Beautiful elegant, witty and fiercely independent, she had climbed, step-by-step and man-by-man, from her deprived, poverty-stricken childhood to become the best-known dress designer in Europe, as well as immensely rich. Bendor, as the Duke was known, wooed Chanel with everything from jewels to salmon sent over from his Scottish estate. Finally she yielded, going aboard 86-metre Flying Cloud in the late spring of 1924.
It was a world of total luxury. As well as the four-poster beds, the crew of 40 and the silk curtains, Bendor had brought along a small orchestra so that the two of them could dance every night. Tall, blond and good-looking, he had houses everywhere, all ready for instant use – cars fuelled, food in the larder, servants in Grosvenor uniform – as he seldom stayed anywhere longer than three days and usually arrived without warning.
With Bendor, Chanel became a close friend of Winston Churchill, who admired her greatly and visited her, sometimes with a member of his family, every time he came to Paris. And it was from the deck of Flying Cloud that Chanel spotted the piece of land on which she built her villa La Pausa – her only real home (in Paris she lived in the Ritz).
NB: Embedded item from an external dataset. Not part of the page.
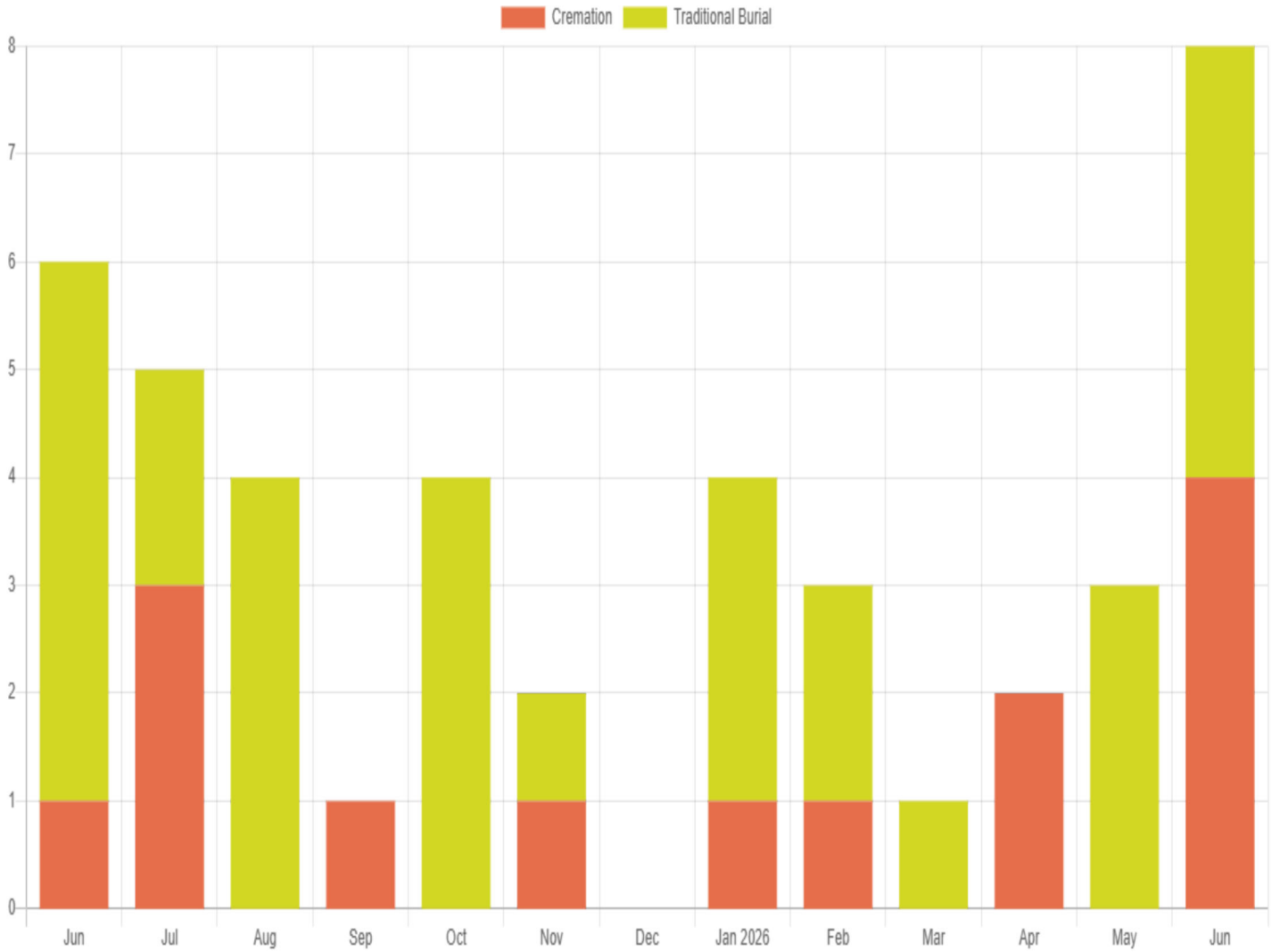
Burials Over Time

A few years after Bendor’s affair with Chanel was over, he offered to lend Flying Cloud to another man he knew, who would also be conducting a love affair on board. This, too, was to become a seminal trip. The man in question was King Edward VIII, who was deeply infatuated with Wallis Simpson, a 40-year-old married American who had already been divorced once. The English public knew nothing of the affair, although rumours had been buzzing round Europe and the US for some weeks. The King had originally planned to rent a villa, completely screened from the public gaze, but rumours of a bomb plot meant this was not considered safe and Flying Cloud was offered. She was turned down by Mrs Simpson, though, for not being comfortable enough.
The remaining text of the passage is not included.